Thursday, May 26, 2011

Slippin' An'a Slidin'

Wet Willie' Greatest Hits(1971-1978)

 

'Wet Willie' from whence this pack o' southern scragglers derived their name, is a apparently a regional term, referring to an Alabamian practice of sucking on your finger and then shoving it in somebody's ear. It also means that dirty stuff you're thinking right now.

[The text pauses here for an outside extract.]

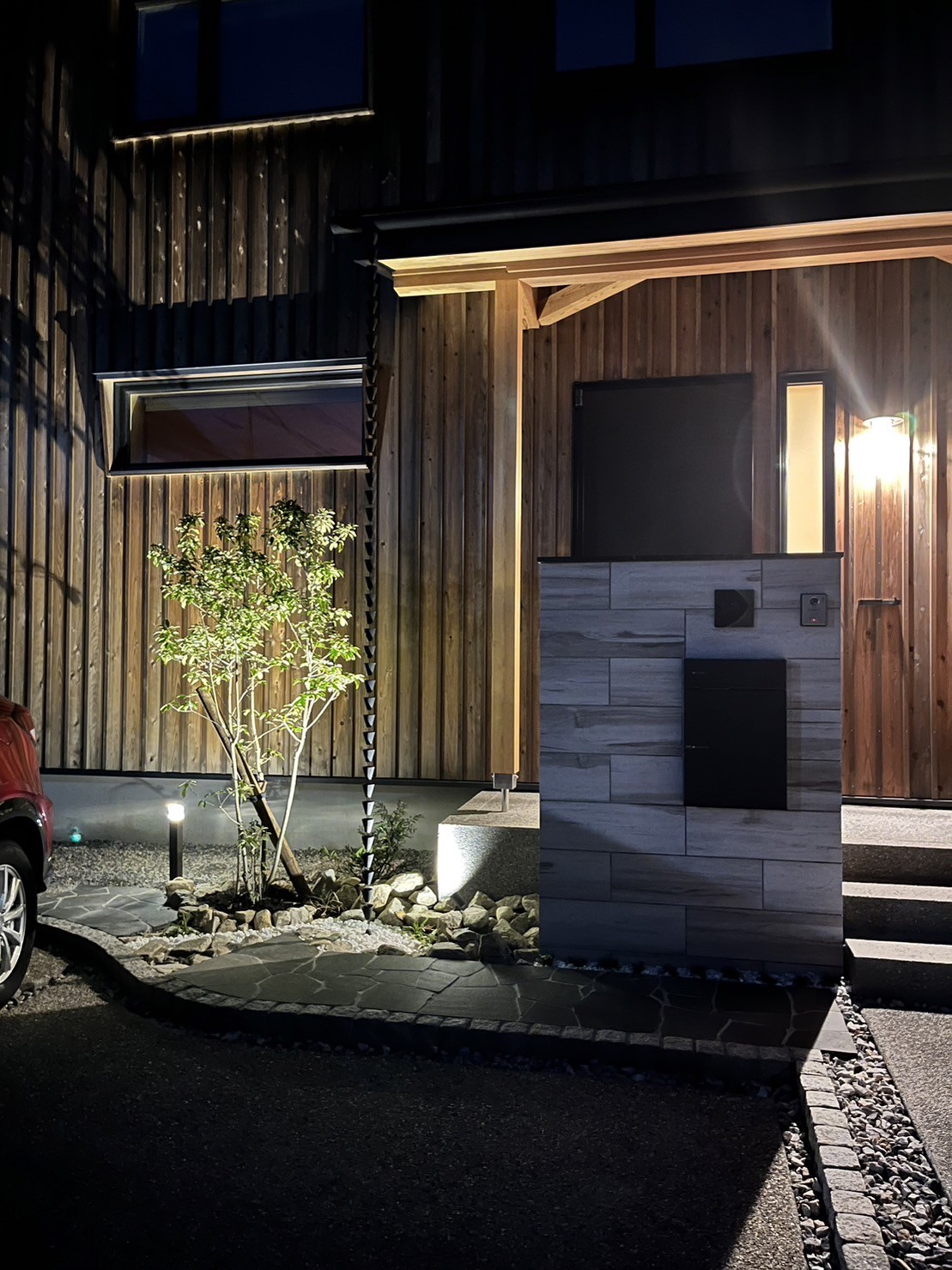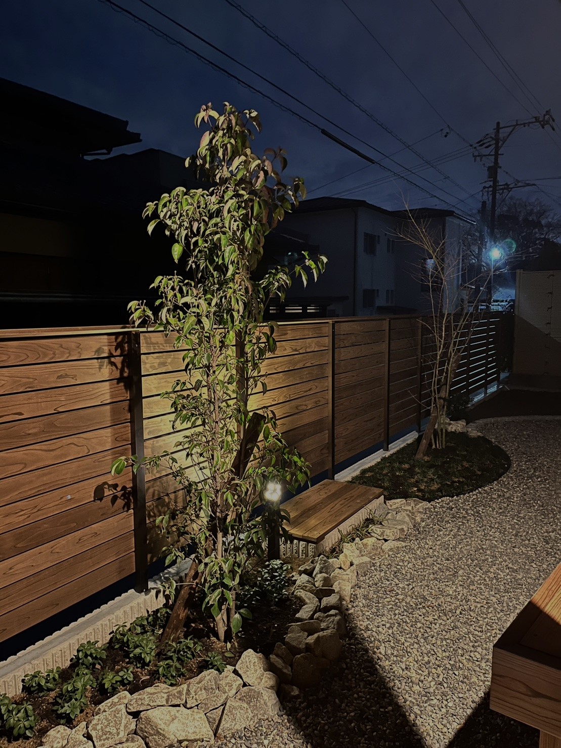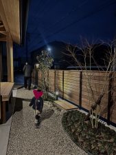 20日に照明器具も取り付けられ、外構工事も何とか年内に完了しました。夜の風景はなかなか見れないのですが、今回は奥様が写真を送ってくださいました。ありがとうございます。やっぱりお庭にも照明器具が少しあると雰囲気がグッと良くなっていいですね👍
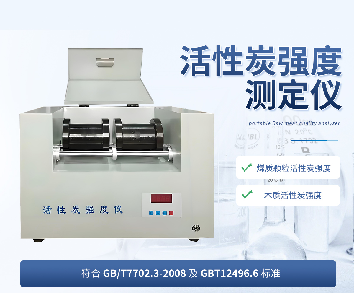 活性炭強度測定儀儀按照規(guī)定的試驗條件,將活性炭試料置于裝有鋼球的滾筒中,開啟強度測定儀,開始計時,通過滾筒的機械運動,試料被磨損,測定被破壞試料粒度的變化情況,用保留在試驗篩上的試料質(zhì)量占原試料的質(zhì)量分?jǐn)?shù),可求出活性炭試樣的強度。

They're real rawhide power swaggerin' son's of 5 bitches, and commence to whoop out some of the hottest, nastiest, most needlin' on the point southern rock ever created. Gotta' say they do the best white rock slash James Brown act since the Yardbirds (disagree? ITS IN THE DAMN MOUTH HARP!). Vocals like Creedence, swag like Little Richard, collective instrumental harmonies like a dirtier grittier version of The Band, but instead of those extended jams the Allman Brothers were renowned for, Wet Willie were closer to the spirit of Booker T & the MG's or perhaps the Mar-Keys, much more steeped in sweaty, good-time R&B than the blues-rock of the Allman's or the likes of the Marshall Tucker Band. Think of what Lynyrd Skynrd would have sounded like if they had one lead guitarist and performed strictly on an all white chitlin' circuit... if such a thing ever existed....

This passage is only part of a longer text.